Action already taken to reduce costs and bring production into line with substantially lower demand in the second half will result in an exceptional charge of pounds 11m being taken against profits for 1998 when they are announced on 11 March, the company said yesterday in a trading statement.

The latest charge includes pounds 5m for the Claremont business acquired in September for pounds 46.3m, where Courtaulds announced in December that it was cutting 1220 jobs. The remainder is to cover plant closures already announced elsewhere.

Profit before tax and exceptional items is expected to be pounds 36m, down from pounds 41.2m and below market forecasts. The company said operating profits had been hit by the decision to cut output to meet falling demand and excess stocks.

Analysts said that the downbeat statement reflects the continued gloom on the high street, where clothing retailers, including Marks & Spencer which accounts for around 4 per cent of Courtaulds' sales, are struggling.

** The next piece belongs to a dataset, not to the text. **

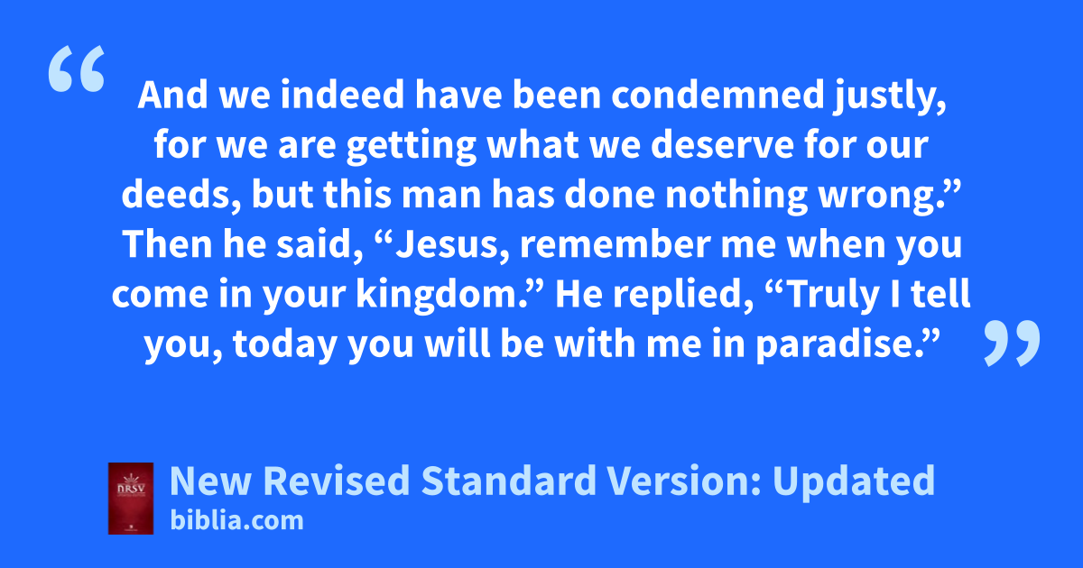 39 One of the criminals who were hanged there kept deridingz him and saying, “Are you not the Messiah?a Save yourself and us!”* 40 But the other rebuked him, saying, “Do you not fear God, since you are under the same sentence of condemnation? 41 And we indeed have been condemned justly, for we are getting what we deserve for our deeds, but this man has done nothing wrong.”* 42 Then he said, “Jesus, remember me when you come inb your kingdom.” 43 He replied, “Truly I tell you, today you will be with me in paradise.”*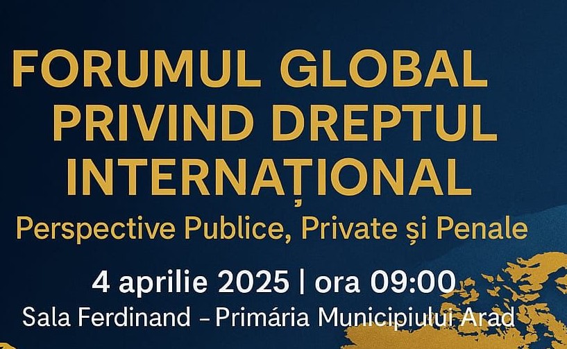 Vineri, 4 aprilie, în sala Ferdinand din Palatul Administrativ, va avea loc „Forumul Global privind Dreptul Internațional: perspective publice, private și penale” eveniment organizat de Institutul de Studii Geopolitice din cadrul Universității ,,Aurel Vlaicu” din Arad. Vor participa specialiști în domeniul dreptului internațional din România, Serbia, Italia, Slovenia, Spania, Germania, Croația, Marea Britanie și Statele Unite ale Americii.

The disappointment at yesterday's news was compounded by the fact that profits before tax at the half-year stage were 20 per cent up on the first half of 1997 at pounds 12.1m. The group traditionally makes two-thirds of its profits in the second half.

Colin Dyer, Courtaulds' chief executive, said the UK businesses started the autumn with healthy order books but by year-end sales were significantly lower than expected.

Mr Dyer refused to rule out further cutbacks in the UK in the event of demand remaining weak this year.

"We've nothing planned for the moment. But we are watching very carefully to see how consumer confidence settles down."

He added, however: "Over the longer term there is a move from higher cost countries to lower cost countries."

International markets generally remained stronger than the UK. Courtaulds' French lingerie business benefited from improved product ranges and lower costs, but lace suffered from weaker demand and lower exports from Europe to the Asia-Pacific region. Sales in the US were strong.

Duncan Hall, an analyst at the stockbroker Wise Speke, said: "The figures are not substantially below where people were. The picture is more what happens in 1999. Courtaulds are being very cautious."

However, the jury is still out on whether the slump in demand in the second half of 1998 is a temporary phenomenon, reflecting weaker consumer confidence generally, or the result of a more permanent shift in consumer tastes.

Mr Hall said that the impact on the industry was far-reaching, with weavers and dye manufacturers suffering a severe downturn in demand, leading to widespread cuts in production and plant closures.

Courtaulds' shares fell 13p to 160p.